三日后,全燕师请见文帝。
鱼公公领着他,进入紫宸殿。
“全卿,查到什么了吗?”文帝一身常服,见全燕师走进,稍微坐直了身子,他拨弄着手上佛珠,大殿内檀香袅袅。
全燕师跪在地上,从袖口中取出一本发黄的名册,双手呈上。
鱼公公快步接过,放到文帝面前。
文帝手指轻敲桌面,“鱼程,给全大人赐座。”
说罢,他拿起这本发黄的名册,有些不解,望向全燕师,“这是何物?”
“陛下,这是当年定北军粮草押运的花名册。”全燕师娓娓道来,“臣派人查阅兵部旧档,经过翰林院掌院鉴定,这本花名册上的字迹,与那些密信上的字迹如出一辙。”
他抬首看了看文帝,“应是同一人所书。”
“嗯——”
文帝点点头,不知可否,他沉吟片刻,“确实,那密信既然是十年前的东西,与十年前元相的字迹对不上,那便不是他所书。”
“但是。”文帝话音一转,“为何这花名册执笔之人的字迹与元相字迹相似?”
“陛下,臣查明,这所书花名册之人名叫崔徵,乃是已故元夫人娘家侄子,他幼年时寄居元府,曾受元相教养,因此字迹有所相似,倒是不足为奇。”

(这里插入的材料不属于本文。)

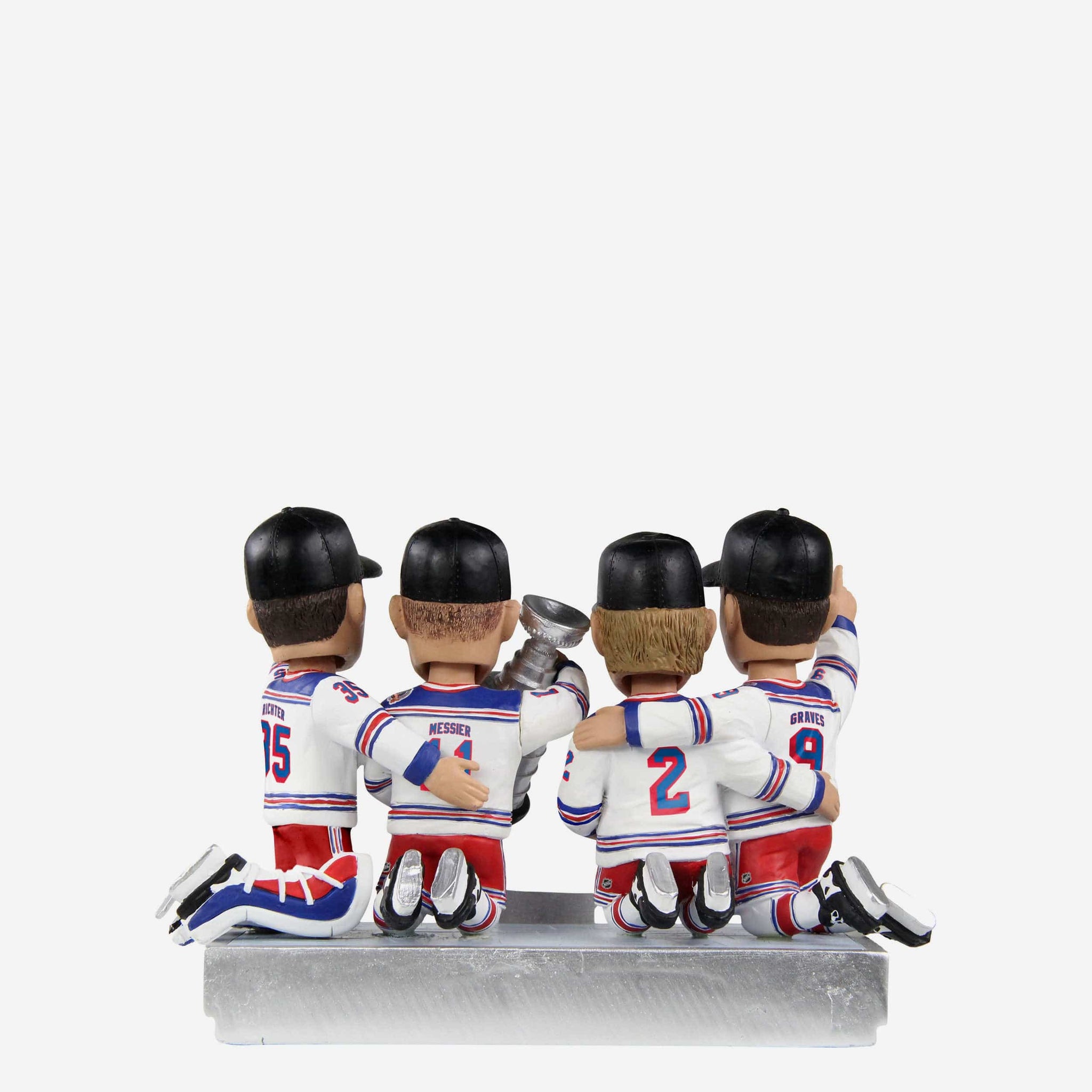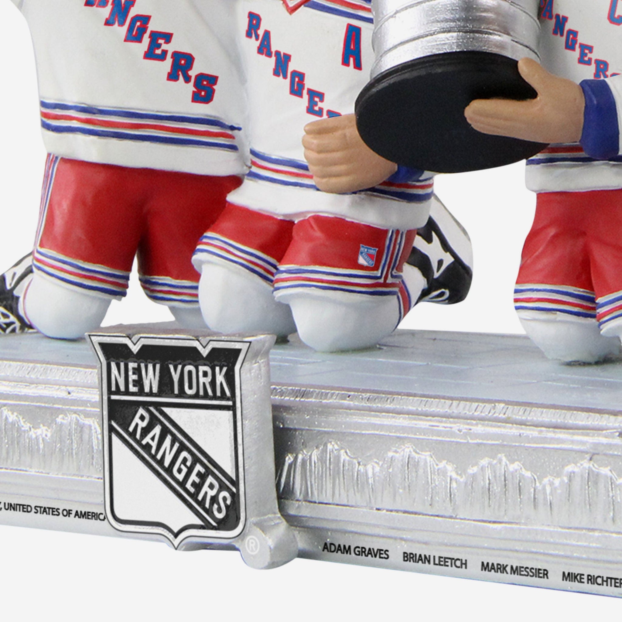 - Portrays Adam Graves, Brian Leetch, Mark Messier, and Mike Richter wearing their gameday uniforms and championship caps in a celebratory pose, ready to get the party started
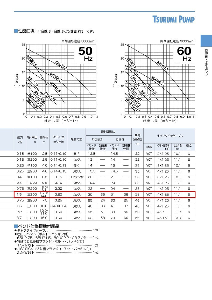 〈ツルミ〉50U21.5 50Hz 東日本用 雑排水用 水中ハイスピンポンプ U型 非自動形 口径50mm 三相200V 出力1.5kW ツルミポンプ 代引不可
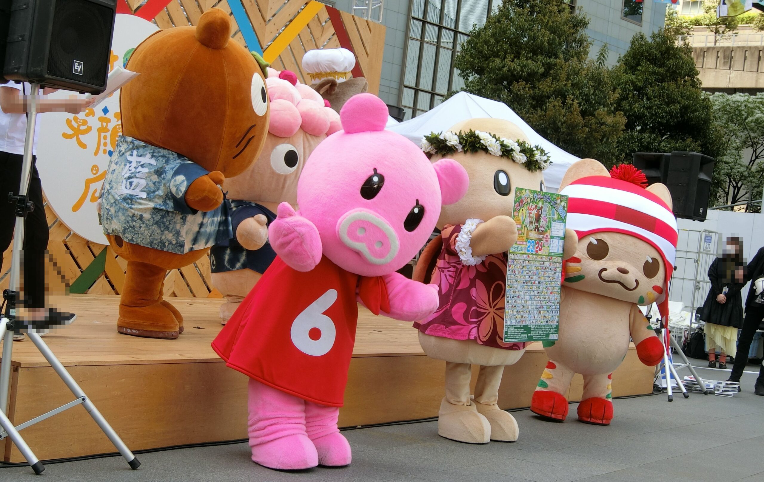 「ワシんたん」の右隣にいる群馬県館林市のぽんちゃんに似ているゆるキャラ(不明です。このゆるキャラ知っている方、私に連絡して下さい。)その隣は「豆夢(とむ)」(アメリカ大使館のゆるキャラ)です。

“崔徵?”文帝在脑中思索这个名字,但是实在是想不起来,不过崔氏族人,他倒是知道的。
“崔徵,幼年丧父,在元家读书识字,后跟随武安侯元昭入定北军,在军中担任文书,专管账目名册。”
文帝有些疑惑,“此人如今何在?”
“定北军败后,崔徵不知所踪,失踪之人,军中便当其在战中牺牲。”
“他与元昭乃是表兄弟?那他二人关系如何?”文帝盘着手中佛珠,抬眼看他。
全燕师颔首,“臣查过,崔徵在定北军中,与武安侯来往不多。武安侯曾上书,说崔徵才具平庸,不堪大用。将他从参将降为文书,此后崔徵便颇受打压,郁郁不得志。”
他顿了顿,抬眼看了文帝脸色,方才继续开口,“而且,似是查出二人年幼时,在元府中争锋相对,崔徵仗着元夫人的宠爱,曾多次欺侮武安侯。”
文帝闻言,面露讶色,他拿起来那本花名册又翻了几页。
大殿内檀香一直燃着,熏得人昏昏欲睡。
“既是如此。”文帝思忖片刻,缓缓开口,“那便是查清楚了,那便还元相一个清白。”
“拟旨。”
鱼公公连忙上前奉上笔墨。
“定北军布防图一案,经过查实,系原定北军文书崔徵,勾结北疆,泄露布防图,致使军情泄露,将士死伤。”
“崔徵已死,着削其功名,抄没家产。元维崧身为朝廷重臣,教养不严,监管失位,致使族中生此败类,着罚俸一年,以儆效尤。”